Virus Associated with Mouth and Throat Cancer in Some People

These patients are often older and more likely to be women than the patients who have been smokers and drinkers. Recently it has been discovered that this small group of patients developed their cancers because of an infection with the human papillomavirus (HPV), the same virus thought to cause cancer of the cervix in women.

In a report in a recent issue of Cancer (Vol. 92, No. 4: 805-813), a group of Swiss doctors, led by Katja Lindel, MD, a radiation oncologist, looked at whether having HPV infection as the cause of the cancer made any difference.

They reviewed 99 patients that were referred to them for radiation treatment of their mouth and throat cancers. Special chemical analysis of the tissues removed by biopsy revealed that 14 patients had cancers infected with human papillomavirus.

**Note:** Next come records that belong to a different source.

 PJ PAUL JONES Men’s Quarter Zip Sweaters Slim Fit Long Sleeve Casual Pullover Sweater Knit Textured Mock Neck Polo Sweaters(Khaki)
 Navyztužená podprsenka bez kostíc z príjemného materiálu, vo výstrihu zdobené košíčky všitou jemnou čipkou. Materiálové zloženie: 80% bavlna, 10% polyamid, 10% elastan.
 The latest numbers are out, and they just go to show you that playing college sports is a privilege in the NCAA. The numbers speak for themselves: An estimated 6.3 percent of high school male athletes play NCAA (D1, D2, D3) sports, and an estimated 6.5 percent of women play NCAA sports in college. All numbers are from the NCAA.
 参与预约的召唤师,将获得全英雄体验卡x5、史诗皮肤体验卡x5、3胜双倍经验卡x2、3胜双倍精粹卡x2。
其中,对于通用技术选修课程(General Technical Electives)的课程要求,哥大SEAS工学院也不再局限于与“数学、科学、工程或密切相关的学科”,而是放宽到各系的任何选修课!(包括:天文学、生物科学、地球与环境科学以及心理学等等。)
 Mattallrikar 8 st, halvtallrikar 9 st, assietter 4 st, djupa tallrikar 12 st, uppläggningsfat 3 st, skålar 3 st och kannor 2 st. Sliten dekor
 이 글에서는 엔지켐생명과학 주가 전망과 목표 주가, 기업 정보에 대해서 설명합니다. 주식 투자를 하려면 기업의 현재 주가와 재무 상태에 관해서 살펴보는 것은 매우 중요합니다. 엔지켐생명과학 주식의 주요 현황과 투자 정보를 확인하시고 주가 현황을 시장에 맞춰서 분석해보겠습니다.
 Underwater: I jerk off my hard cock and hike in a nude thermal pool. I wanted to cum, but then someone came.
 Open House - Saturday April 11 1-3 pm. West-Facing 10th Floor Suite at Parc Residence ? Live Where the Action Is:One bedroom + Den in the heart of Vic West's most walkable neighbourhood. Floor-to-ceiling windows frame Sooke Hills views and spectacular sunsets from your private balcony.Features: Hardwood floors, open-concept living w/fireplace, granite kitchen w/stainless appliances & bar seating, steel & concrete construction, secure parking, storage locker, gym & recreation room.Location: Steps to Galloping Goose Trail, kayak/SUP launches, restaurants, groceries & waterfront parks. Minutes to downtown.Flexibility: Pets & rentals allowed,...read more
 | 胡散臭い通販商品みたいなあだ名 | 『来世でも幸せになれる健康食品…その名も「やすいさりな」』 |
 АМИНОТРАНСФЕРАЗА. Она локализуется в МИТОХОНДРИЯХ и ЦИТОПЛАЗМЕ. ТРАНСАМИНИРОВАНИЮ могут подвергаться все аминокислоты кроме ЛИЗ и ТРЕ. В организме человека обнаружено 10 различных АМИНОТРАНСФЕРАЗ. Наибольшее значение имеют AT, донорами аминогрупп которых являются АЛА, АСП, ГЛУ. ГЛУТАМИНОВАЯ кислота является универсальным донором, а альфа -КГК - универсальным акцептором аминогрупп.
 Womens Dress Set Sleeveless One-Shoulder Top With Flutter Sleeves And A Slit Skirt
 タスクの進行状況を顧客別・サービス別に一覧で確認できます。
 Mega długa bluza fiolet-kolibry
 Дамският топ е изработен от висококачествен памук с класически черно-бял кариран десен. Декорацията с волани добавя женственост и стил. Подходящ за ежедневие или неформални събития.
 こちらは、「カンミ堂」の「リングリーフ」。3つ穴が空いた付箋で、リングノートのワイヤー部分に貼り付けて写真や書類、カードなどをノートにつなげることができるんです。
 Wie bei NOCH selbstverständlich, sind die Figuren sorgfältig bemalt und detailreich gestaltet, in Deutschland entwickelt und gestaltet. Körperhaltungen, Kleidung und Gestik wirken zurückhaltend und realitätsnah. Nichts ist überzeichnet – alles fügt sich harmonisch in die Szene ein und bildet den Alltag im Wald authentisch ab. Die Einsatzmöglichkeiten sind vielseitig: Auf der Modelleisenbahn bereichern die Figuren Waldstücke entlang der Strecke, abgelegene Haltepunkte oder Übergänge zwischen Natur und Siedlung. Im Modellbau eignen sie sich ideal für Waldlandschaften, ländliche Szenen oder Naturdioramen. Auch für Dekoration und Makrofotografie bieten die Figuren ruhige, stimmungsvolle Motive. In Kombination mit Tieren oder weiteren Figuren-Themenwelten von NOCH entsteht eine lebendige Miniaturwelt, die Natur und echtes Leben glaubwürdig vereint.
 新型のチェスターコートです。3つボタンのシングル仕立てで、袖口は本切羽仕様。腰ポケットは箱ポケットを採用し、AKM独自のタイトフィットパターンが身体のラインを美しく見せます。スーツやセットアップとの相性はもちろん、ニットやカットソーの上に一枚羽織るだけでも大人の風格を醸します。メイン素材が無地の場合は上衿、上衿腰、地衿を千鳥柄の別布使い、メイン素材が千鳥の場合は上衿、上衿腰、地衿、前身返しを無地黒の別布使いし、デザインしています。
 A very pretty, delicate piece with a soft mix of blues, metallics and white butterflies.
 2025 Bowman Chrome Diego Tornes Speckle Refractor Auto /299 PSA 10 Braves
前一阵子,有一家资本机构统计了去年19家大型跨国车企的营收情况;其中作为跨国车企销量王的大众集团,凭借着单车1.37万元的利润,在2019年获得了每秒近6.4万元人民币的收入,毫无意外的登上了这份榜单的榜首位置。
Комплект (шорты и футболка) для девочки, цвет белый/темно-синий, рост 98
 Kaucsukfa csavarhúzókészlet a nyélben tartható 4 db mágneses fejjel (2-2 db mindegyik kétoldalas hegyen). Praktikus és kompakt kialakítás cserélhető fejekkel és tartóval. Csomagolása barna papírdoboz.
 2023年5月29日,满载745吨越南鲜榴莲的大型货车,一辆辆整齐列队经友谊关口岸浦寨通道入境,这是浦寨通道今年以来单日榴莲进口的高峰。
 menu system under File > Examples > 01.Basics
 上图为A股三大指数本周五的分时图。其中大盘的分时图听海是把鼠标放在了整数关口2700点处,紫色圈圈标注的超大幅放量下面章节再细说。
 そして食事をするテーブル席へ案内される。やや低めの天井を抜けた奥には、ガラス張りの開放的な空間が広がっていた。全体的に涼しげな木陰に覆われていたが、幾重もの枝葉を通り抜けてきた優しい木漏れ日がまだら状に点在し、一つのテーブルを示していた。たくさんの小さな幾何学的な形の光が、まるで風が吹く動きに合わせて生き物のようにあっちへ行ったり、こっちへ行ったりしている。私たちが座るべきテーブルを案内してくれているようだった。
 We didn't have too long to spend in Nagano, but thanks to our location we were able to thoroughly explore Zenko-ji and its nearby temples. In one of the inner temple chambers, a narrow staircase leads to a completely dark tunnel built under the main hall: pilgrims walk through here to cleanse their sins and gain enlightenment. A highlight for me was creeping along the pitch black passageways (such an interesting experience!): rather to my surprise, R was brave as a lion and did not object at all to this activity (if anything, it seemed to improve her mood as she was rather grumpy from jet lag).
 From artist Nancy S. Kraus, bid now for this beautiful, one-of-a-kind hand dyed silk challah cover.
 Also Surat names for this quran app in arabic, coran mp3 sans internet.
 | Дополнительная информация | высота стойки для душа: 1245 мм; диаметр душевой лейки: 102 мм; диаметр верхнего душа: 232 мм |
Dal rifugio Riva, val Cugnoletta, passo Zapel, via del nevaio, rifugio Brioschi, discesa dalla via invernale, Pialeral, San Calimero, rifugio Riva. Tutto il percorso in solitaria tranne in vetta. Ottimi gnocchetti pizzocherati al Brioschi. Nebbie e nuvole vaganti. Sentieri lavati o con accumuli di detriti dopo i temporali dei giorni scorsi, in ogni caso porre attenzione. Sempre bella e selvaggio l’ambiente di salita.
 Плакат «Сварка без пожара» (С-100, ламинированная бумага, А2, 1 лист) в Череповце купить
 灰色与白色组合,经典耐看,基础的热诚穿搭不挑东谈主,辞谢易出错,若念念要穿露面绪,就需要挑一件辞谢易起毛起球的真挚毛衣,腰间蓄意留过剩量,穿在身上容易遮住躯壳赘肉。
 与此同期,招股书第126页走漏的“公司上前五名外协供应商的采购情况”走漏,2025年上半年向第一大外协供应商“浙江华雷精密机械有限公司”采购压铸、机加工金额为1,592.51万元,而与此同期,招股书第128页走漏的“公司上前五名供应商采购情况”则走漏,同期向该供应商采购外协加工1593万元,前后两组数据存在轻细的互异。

HPV-related Cancer Responds Better to Radiation Therapy

The doctors then compared the response to radiation therapy of these patients to the response of patients without the virus infection and found that the virus-infected patients did much better. Eighty percent of the patients with the virus infection had the cancer eliminated from their mouth and throat by the radiation, compared to only 50% of the other patients.

It also appeared that these patients had a lower chance of the cancer returning and eventually causing their deaths, but there were too few patients for the doctors to be certain. The message that Lindel and her colleagues want to send is that some patients with throat and mouth cancers did not get their cancer because they smoked and drank alcohol, and these people may have a much better outlook than expected.